Credit: John Voo | Flickr

Data is being generated in real time at mind-boggling scales, and is becoming easier to analyze in an integrated way. Satellites ply the skies, mapping our planet’s physical environment in real-time; billions of mobile phone records are generated every day; countless data points are recorded through crowdsourcing apps, private and public sector data collection, online intermediaries, and other nodes in global information chains. Increasingly, much of this data is being made open access, discoverable, and “analysis ready.” This includes rich text searches, training data repositories, labeling, geo-referencing, and the proliferation of data catalogues.

Credit: NASA | Unsplash

Reading this, you might be imagining a billion dollar lab in Palo Alto preparing the world’s most advanced marketing campaign. However, arguably some of the greatest value generated by advances in big data, and data science, will come in the form of welfare benefits for people living in poverty. In low- and middle-income countries (LMICs), where traditional data (like household survey data) is often expensive, difficult or even dangerous to collect, the use of data from non-traditional sources (including satellites, mobile phones, and sensor networks) has the potential to drive far more reliable and timely insights for researchers and decision-makers at a fraction of the cost.
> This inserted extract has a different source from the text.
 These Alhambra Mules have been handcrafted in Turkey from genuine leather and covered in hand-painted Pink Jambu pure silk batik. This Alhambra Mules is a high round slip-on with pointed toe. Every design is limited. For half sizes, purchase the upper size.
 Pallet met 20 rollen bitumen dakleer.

Many of these advances in big data and predictive data science methods are making their way into the mainstream of social science research. These developments are rapidly increasing the scale at which your average researcher can study phenomena that previously remained invisible in many LMICs.

With this rapid expansion comes significant risks. An overconfident hybrid data/social scientist with his head in the literal clouds (satellites, social media, and cell phones) could quickly lose track of the real world, and develop biased, and poorly validated, approaches (more on this later). Additionally, though pushes for open data are a familiar feature of many organizations pushing big data applications in LMICs, some have pointed to serious inequities in the benefits derived from the pressure to “free” data. With the advent of approaches that hold so much promise, and so much risk, for research in the developing world, a robust and rigorous academic ecosystem needs to be constructed.

Seizing the Opportunity

For over a decade, CEGA has been working to build a “Data Science for Development (DS4D)” ecosystem by supporting social scientists, engineers and data scientists to leverage new types of data and analytical approaches in addressing challenges related to poverty in LMICs. Examples include using cell phone data to measure economic well being, using machine learning algorithms to overcome the gender gap in credit access, and using geospatial modeling and machine learning to improve water resource management.
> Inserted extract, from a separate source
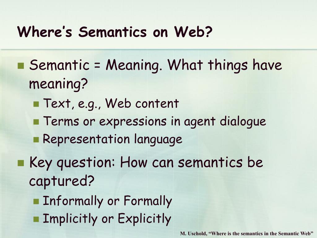 Where’s Semantics on Web? • Semantic = Meaning. What things have meaning? • Text, e.g., Web content • Terms or expressions in agent dialogue • Representation language • Key question: How can semantics be captured? • Informally or Formally • Implicitly or Explicitly M. Uschold, “Where is the semantics in the Semantic Web”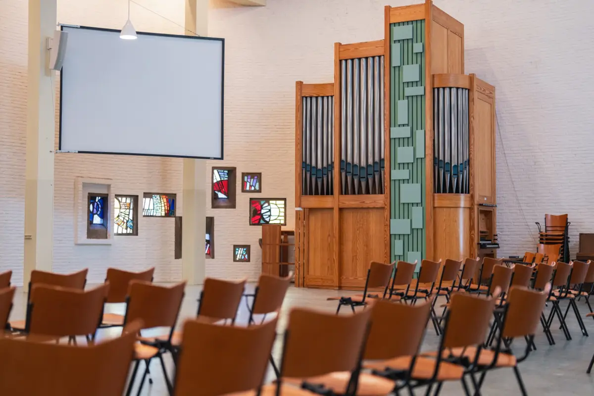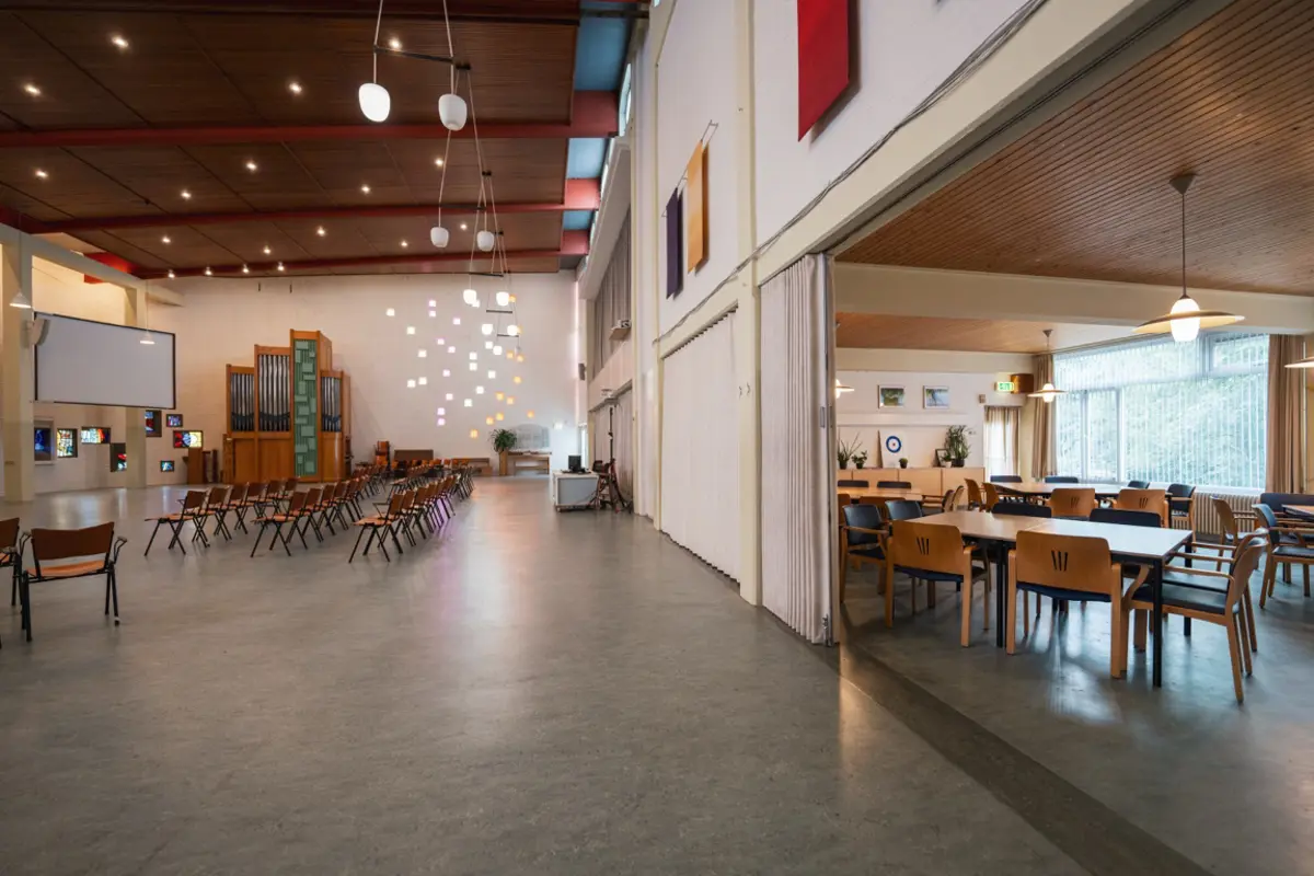Perfecte combinatie voor grote evenementen waarbij de foyer als pauzeruimte of ontvangst dient. Alle faciliteiten van de kerkzaal beschikbaar voor congressen, concerten en grote vieringen.

With the recent launch of CEGA’s DS4D portfolio, we’re doubling down on the promise of large scale data sources and novel approaches to measuring poverty and facilitating sustainable economic development — while also supporting research on the limitations and concerns surrounding this work. Key to this effort are partnerships with a wide range of stakeholders, including global technology companies, telecommunications companies, satellite companies, and innovation-minded research and policy partners.

CEGA recognizes that coordination across this diverse ecosystem is critical if we want to increase the quantity and quality of data science approaches in development research while effectively addressing associated risks. To this end, CEGA hosts conferences and workshops designed to open channels of communication, learning and collaboration across sectors. This past year, we co-hosted our annual Geospatial Analysis for Development (Geo4Dev) Symposium and Workshop with the World Bank’s Development Impact Evaluation (DIME) team and Analytics and Tools unit, New Light Technologies (NLT), and 3ie to highlight new applications of geospatial data and train scholars new to these approaches how to incorporate geospatial data in their work.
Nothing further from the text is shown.